THE PROBLEM :: From the entries below, please output exactly the lines starting at the one containing "Deportivo para niña" and ending at the one containing "Notez que les", both included.

GIVEN RECORDS ::
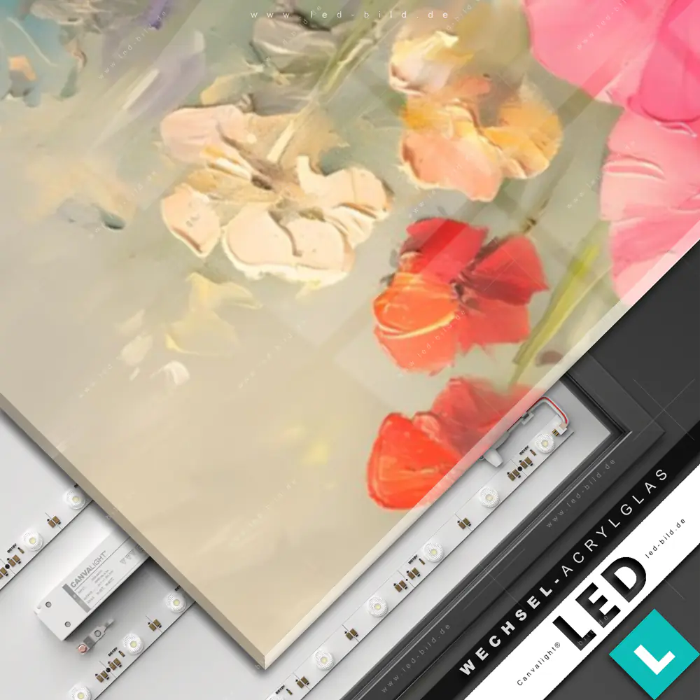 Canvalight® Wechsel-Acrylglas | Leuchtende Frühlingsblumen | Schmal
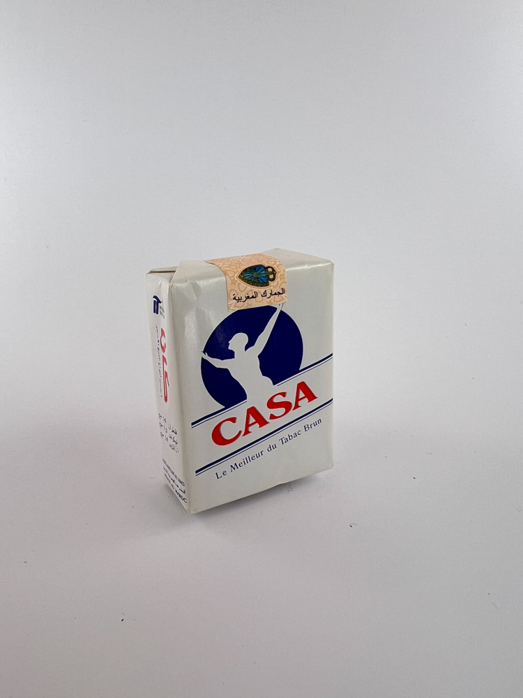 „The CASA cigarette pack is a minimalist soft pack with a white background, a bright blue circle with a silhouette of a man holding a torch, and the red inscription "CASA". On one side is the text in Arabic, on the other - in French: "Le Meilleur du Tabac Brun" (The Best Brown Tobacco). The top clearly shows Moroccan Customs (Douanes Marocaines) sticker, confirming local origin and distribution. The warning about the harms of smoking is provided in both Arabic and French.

==

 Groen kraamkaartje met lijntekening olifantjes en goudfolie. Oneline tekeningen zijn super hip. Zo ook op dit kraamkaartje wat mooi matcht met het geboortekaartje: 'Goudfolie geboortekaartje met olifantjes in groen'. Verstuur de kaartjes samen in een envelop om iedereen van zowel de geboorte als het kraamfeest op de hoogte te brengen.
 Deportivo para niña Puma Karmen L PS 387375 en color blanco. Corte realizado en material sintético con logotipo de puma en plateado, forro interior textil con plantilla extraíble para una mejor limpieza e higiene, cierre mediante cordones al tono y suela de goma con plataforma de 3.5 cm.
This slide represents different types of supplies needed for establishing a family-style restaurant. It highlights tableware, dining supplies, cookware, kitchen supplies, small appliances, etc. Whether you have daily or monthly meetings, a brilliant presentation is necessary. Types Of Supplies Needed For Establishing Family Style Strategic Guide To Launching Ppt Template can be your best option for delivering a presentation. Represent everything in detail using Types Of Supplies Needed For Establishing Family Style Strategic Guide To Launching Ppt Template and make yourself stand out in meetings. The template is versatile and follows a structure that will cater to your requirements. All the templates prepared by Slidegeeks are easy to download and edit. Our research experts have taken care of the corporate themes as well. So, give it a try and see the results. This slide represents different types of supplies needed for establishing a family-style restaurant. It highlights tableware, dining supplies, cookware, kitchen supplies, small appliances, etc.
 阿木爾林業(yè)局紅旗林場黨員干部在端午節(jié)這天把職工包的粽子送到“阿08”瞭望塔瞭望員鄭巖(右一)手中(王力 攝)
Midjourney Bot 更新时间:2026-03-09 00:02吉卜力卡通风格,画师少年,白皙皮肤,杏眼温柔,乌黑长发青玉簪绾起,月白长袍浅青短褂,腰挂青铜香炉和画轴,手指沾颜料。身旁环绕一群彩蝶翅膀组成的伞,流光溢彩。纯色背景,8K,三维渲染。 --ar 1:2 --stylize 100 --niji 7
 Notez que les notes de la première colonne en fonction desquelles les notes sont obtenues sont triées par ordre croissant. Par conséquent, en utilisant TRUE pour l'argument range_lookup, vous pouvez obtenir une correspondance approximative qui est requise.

WRITTEN RESPONSE ::
 Deportivo para niña Puma Karmen L PS 387375 en color blanco. Corte realizado en material sintético con logotipo de puma en plateado, forro interior textil con plantilla extraíble para una mejor limpieza e higiene, cierre mediante cordones al tono y suela de goma con plataforma de 3.5 cm.
This slide represents different types of supplies needed for establishing a family-style restaurant. It highlights tableware, dining supplies, cookware, kitchen supplies, small appliances, etc. Whether you have daily or monthly meetings, a brilliant presentation is necessary. Types Of Supplies Needed For Establishing Family Style Strategic Guide To Launching Ppt Template can be your best option for delivering a presentation. Represent everything in detail using Types Of Supplies Needed For Establishing Family Style Strategic Guide To Launching Ppt Template and make yourself stand out in meetings. The template is versatile and follows a structure that will cater to your requirements. All the templates prepared by Slidegeeks are easy to download and edit. Our research experts have taken care of the corporate themes as well. So, give it a try and see the results. This slide represents different types of supplies needed for establishing a family-style restaurant. It highlights tableware, dining supplies, cookware, kitchen supplies, small appliances, etc.
 阿木爾林業(yè)局紅旗林場黨員干部在端午節(jié)這天把職工包的粽子送到“阿08”瞭望塔瞭望員鄭巖(右一)手中(王力 攝)
Midjourney Bot 更新时间:2026-03-09 00:02吉卜力卡通风格,画师少年,白皙皮肤,杏眼温柔,乌黑长发青玉簪绾起,月白长袍浅青短褂,腰挂青铜香炉和画轴,手指沾颜料。身旁环绕一群彩蝶翅膀组成的伞,流光溢彩。纯色背景,8K,三维渲染。 --ar 1:2 --stylize 100 --niji 7
 Notez que les notes de la première colonne en fonction desquelles les notes sont obtenues sont triées par ordre croissant. Par conséquent, en utilisant TRUE pour l'argument range_lookup, vous pouvez obtenir une correspondance approximative qui est requise.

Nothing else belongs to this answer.